German automation technology company

The Ifm Group (stylized as ifm group) is a German automation technology company, specialized in components for industrial companies. Its headquarters are located Essen, Germany. The company is considered the inventor of inductive proximity sensors.

==History==
Ifm was founded in 1969 by electrical engineer Robert Buck and salesman Gerd Marhofer under the name Ifm electronic geräte gmbh+co kg. Buck and Marhofer had worked together in the development and marketing of non-contact sensors. In the same year, Buck and Marhofer introduced inductive proximity sensors under the name efector to the market. In the early years, Bernd Rüsing also served as managing director but left the company in 1971.
In the following years, the company grew and expanded into different countries. While having 16 employees in 1970 and sales of 409,000 euros, the company had 260 employees in 1983 and subsidiaries in six different locations, generating 14,8 million in sales.
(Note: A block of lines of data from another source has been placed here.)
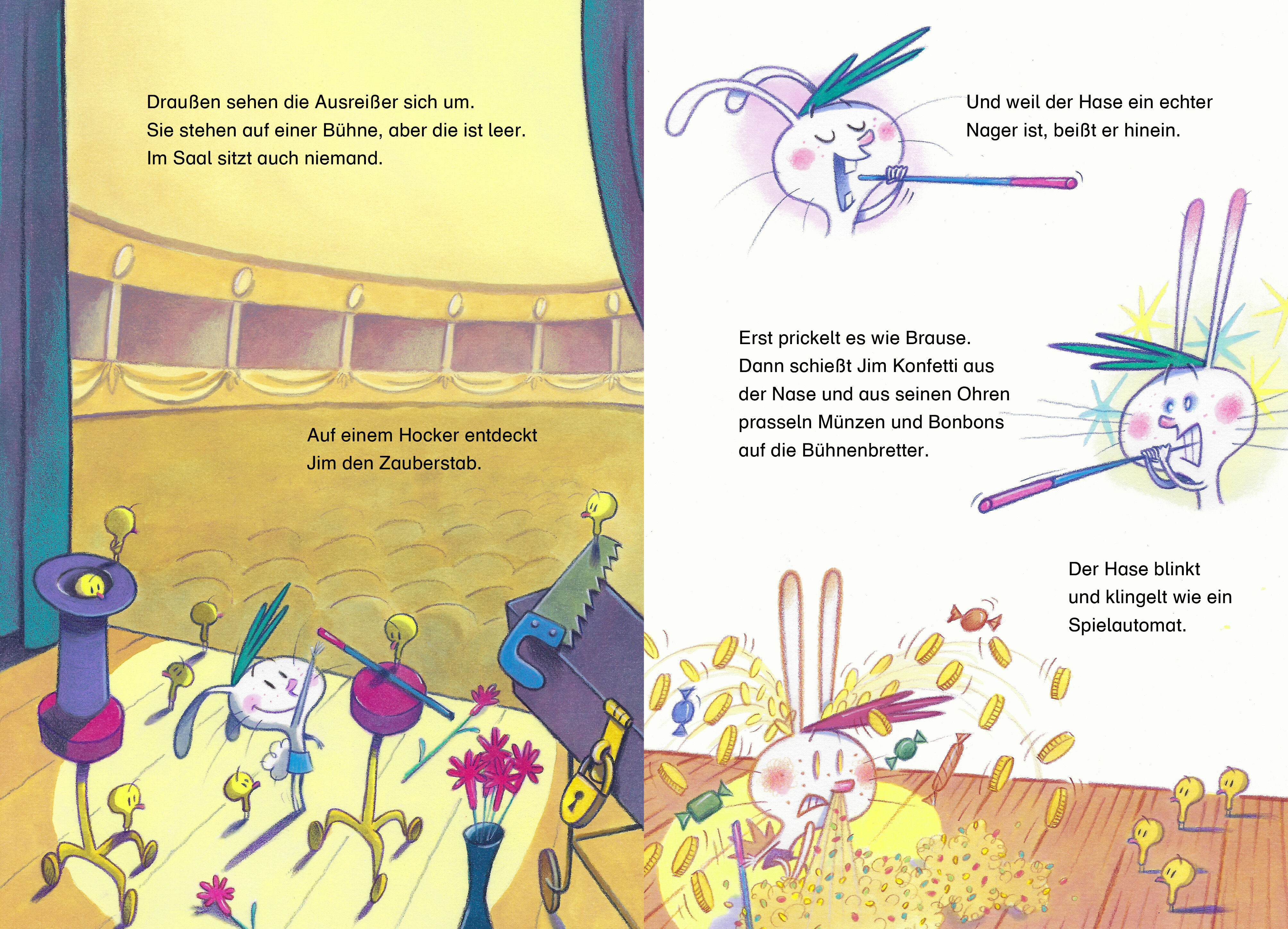 Nach Cowboy Klaus jetzt Hase Jim Salabim Simsalabim, der Hase Jim! Im schwarzen Hut des berühmten Zauberers Mogel-Strauß warten die Tiere auf ihren großen Auftritt. Auch der Hase Jim Salabim. Doch warum ist es so schrecklich eng in diesem Hut? Jim beschließt a...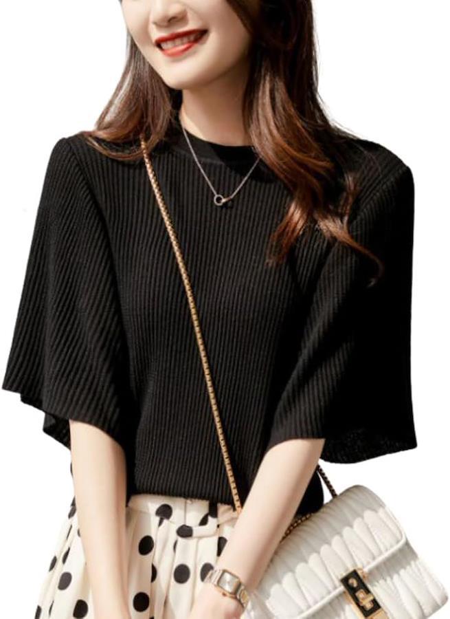 カジュアルな外出にも対応でき、春 夏 秋を通して毎日のコーディネートに取り入れやすい優秀な半袖ブラウスです。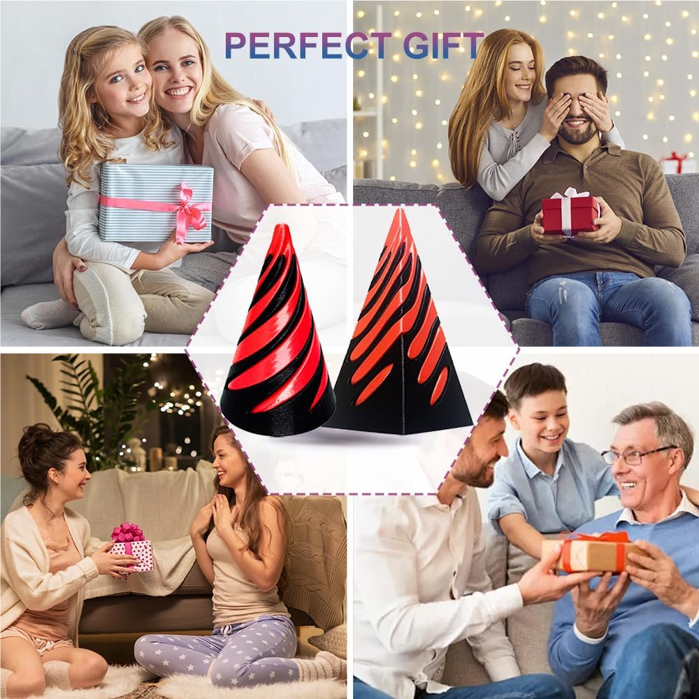 Spiral Cone Fidget Toy,Impossible Cone Pyramid Passthrough Sculpture Bulk Fidget Toys for 3D Printed,Anxiety Stress Relief Desk Deco Souvenir Mini Gift Toy for Home Office (#A-Laser Black Red)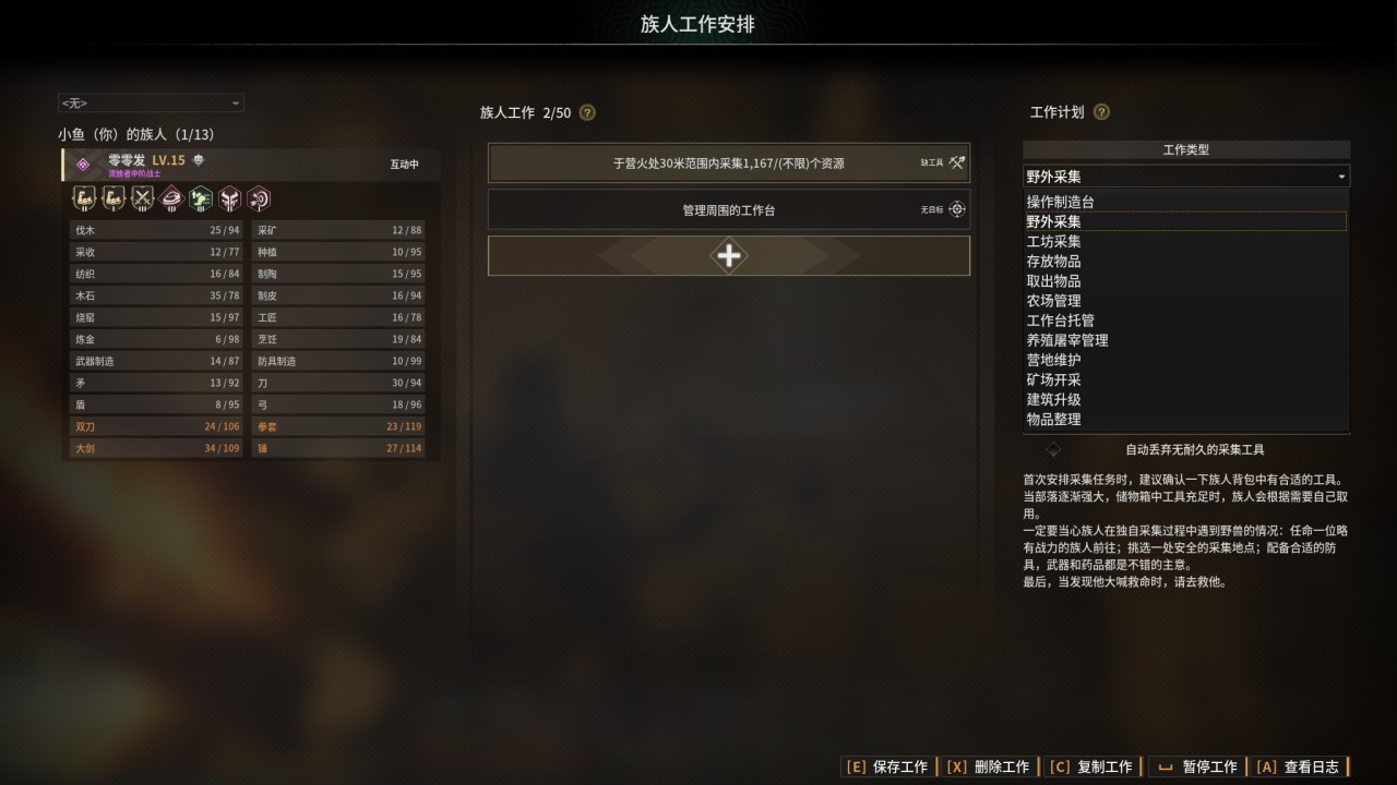 是的,这个游戏也有分工这种玩法,我们只要在“族人工作”页面,按照工作类型、工作地点,指定工作内容即可。特别是工作台制作物品的任务,我们可以设置成循环模式,按照一定的时间间隔错峰制作不同的物品。这样即使我们去很遥远的地方探险,也不用担心家里面材料、半成品不够用的情况。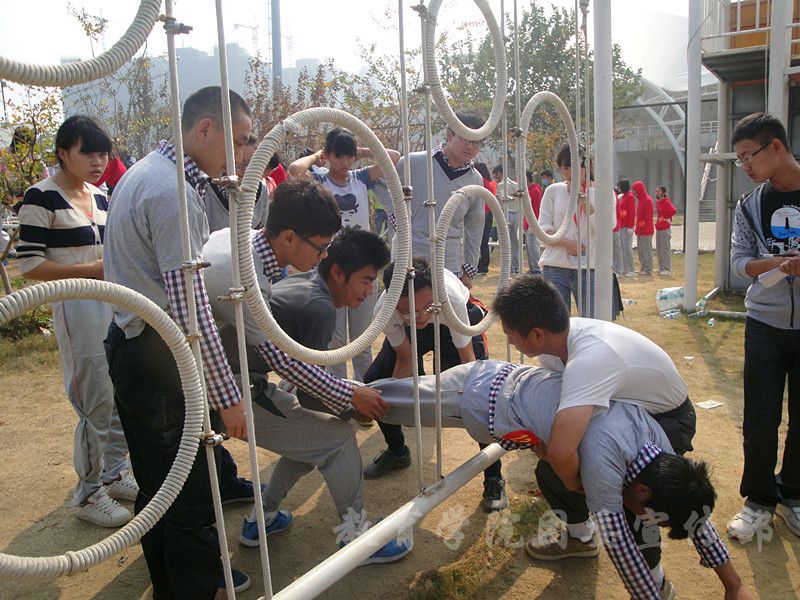 在竞技比赛过程中,教育学院选手齐心协力,团结合作,共度难关。在第一项匍匐前进中,教育学院取得通过9人的好成绩。虽然“匍匐前进”是最耗体力的项目,但是同学们始终精神饱满,立即进行第二项最考验团队合作默契度的项目,在一个个的小洞中接过一个又一个的队员,这个过程紧张而有序,最终教育学院通过7人。
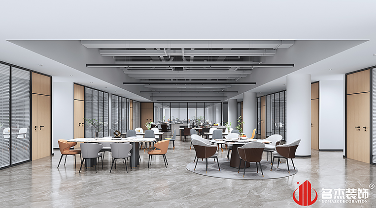 前廳是整個辦公裝修設計空間的一大亮點,前臺背景墻大理石條紋的拼接組合打破了原本傳統的設計,大理石紋路與燈飾的配合,碰撞出了不一樣的火花,加上嵌入燈帶的配合,使整個空間充滿靈動。圓形吊頂也能夠讓空間煥發出不一樣的設計層次感,兩者相互配合,共同打造出一個特別的辦公場景。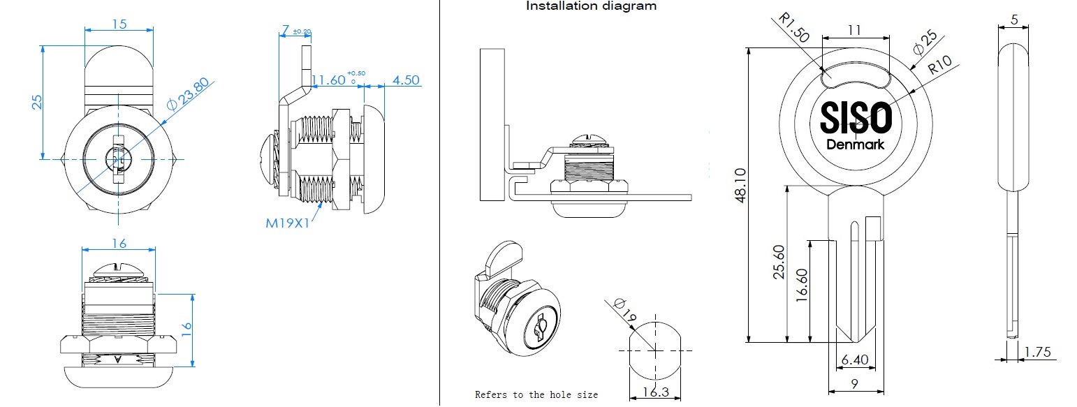 Cam Lock 1916, 90DG, SS Cap+Core, Cam A51, Box Packing, CK SISO, Cranked 5mm, W/2 Transparent PVC Washers, 480 Small Boxes Pr. Export Carton, 480 Different Key Codes pr. Carton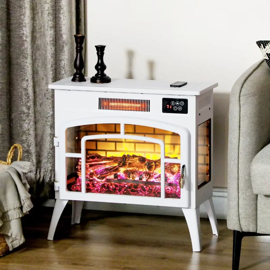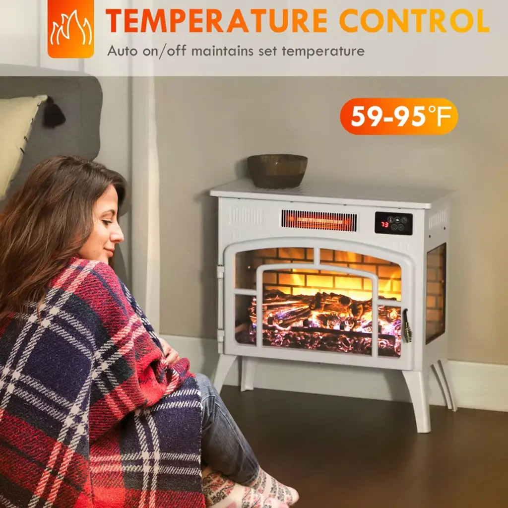Homcom Electric Fireplace Stove, Freestanding Infrared Fireplace Heater With Realistic Flame Effect & Adjustable Temperature, 1500w, White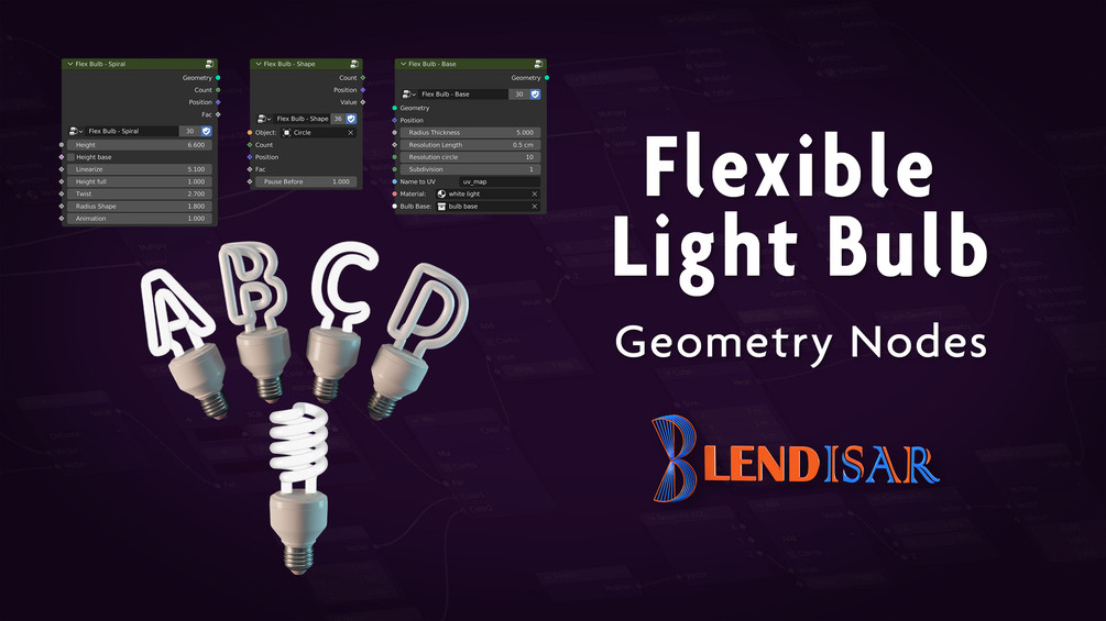 Groups of nodes to create a spiral bulb, flexible and with the possibility of using other curves to change the shape.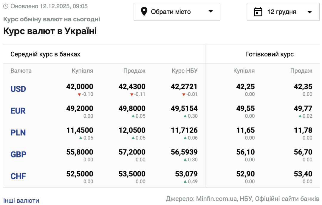 - 1 долар США – 42,27 грн (42,28 грн станом на 11 грудня);
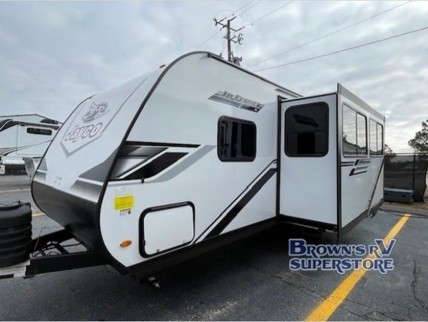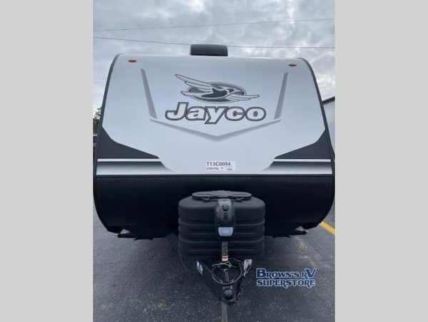 Camp light and camp convenient in a Jay Feather SL by Jayco! This lightweight travel trailer is constructed with a Magnum Truss roof system, a fully integrated A-frame, and exterior Azdel composite panels for added durability. There are also nitrogen-filled radial tires outside, along with large downspouts, MORryde Step Above entry steps, a power awning with LED lights, and a power tongue jack to name a few conveniences. Head inside to enjoy the vinyl flooring throughout, solid hardwood cabinet doors, a shower surround, and residential-style kitchen countertops to make your space feel a little more like home!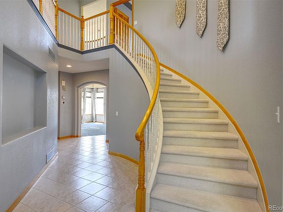 Some Homes are just Special - Give yourself plenty of time to explore this one. The custom paint and newer carpet will pull your attention immediately. The two story Family Room with custom wood detail opens to the Large Kitchen. And, oh what a Kitchen it is...Stainless Steel Appliances include an Induction Cook-top with a stylish hood, KitchenAid Convection Wall Oven and Microwave, Dishwasher, Refrigerator & Wine Cooler, upgraded lights, granite counter tops and tile back splash. Head upstairs and find three bedrooms and loft featuring a large Master Bedroom. The Master includes a fireplace and a fabulous deck with a spiral staircase-Imagine watching the sunset or catching a shooting star after dusk on this breathtaking deck. The Master Bath includes custom finishes and an amazing custom closet system. Catch your breath, the tour is not over...make your way downstairs to the incredible finished basement with more custom details: wood beams, 9 ft ceilings, radon mitigation system, laminate plank flooring,rough-in plumbing for a wet bar, fabulous bathroom with wall heater and a Bedroom (Flex Room/Office) with sliding bookcase that reveals a hidden closet. The home is amazing but the Lot takes it to a new level - this one backs to an extensive walking and biking Trail and Open Space! All of this within walking distance to Grandview High School and Falcon Creek Middle School. What a place to call Home!

Ifm attracted national attention when an attempt was made to bug the company's stand at Interkama trade fair in 1972 in a case of industrial espionage. The following year, Ifm introduced the first electronic speed monitor. In 1990, Ifm published its company philosophy as hardcover book available for all employees. By now, the book has been translated into 16 languages.

==2000 to 2020==
In 2001, Ifm underwent its first generational change with Martin Buck and Michael Marhofer, the sons of the founders, taking over the management after spending five years in a probationary period. By that moment, Robert Buck and Gerd Marhofer immediately stepped away. With him still being connected to the company, Robert Buck died in 2016 after having been responsible for over 650 patents during his lifespan. In 2015, Ifm efector opened its North American headquarters in the Atwater Corporate Center, in Malvern, Pennsylvania. The following year, Barack Obama and Angela Merkel visited the Ifm booth at Hannover Messe fair, where they attracted attention trying on Virtual Reality goggles. In 2018, the Lighthouse smart home camera was introduced to the market making it possible to distinguish between adults, children and pets. That same year, Ifm started construction of The Summit in Siegen, which is now home to four Ifm subsidiaries. The following year, Ifm celebrated its 50th anniversary by reaching a group turnover of 1 billion euros for the first time.

==Since 2020==
In 2022, Ifm built a green factory in Sibiu, Romania. The same year, the company generated 1.3 billion euros in sales. During COVID-19 pandemic, Ifm efector became one of the key suppliers of medical consumables and components in the US. As of 2024, Ifm produced over 18.3 million products, including 9 million sensors annually. The company had more than 8.750 employees in more than 80 countries and 70 subsidiaries worldwide. In April 2024 it was reported that Ifm signed an agreement with US company Microsoft to develop solutions based on Microsoft Azure.

In 2025, it was reported by German newspaper Westdeutsche Allgemeine Zeitung that Ifm is primarily growing in international markets. For economic reasons, the company has not yet implemented its plan to build the new company headquarters on the former RWE site in Essen.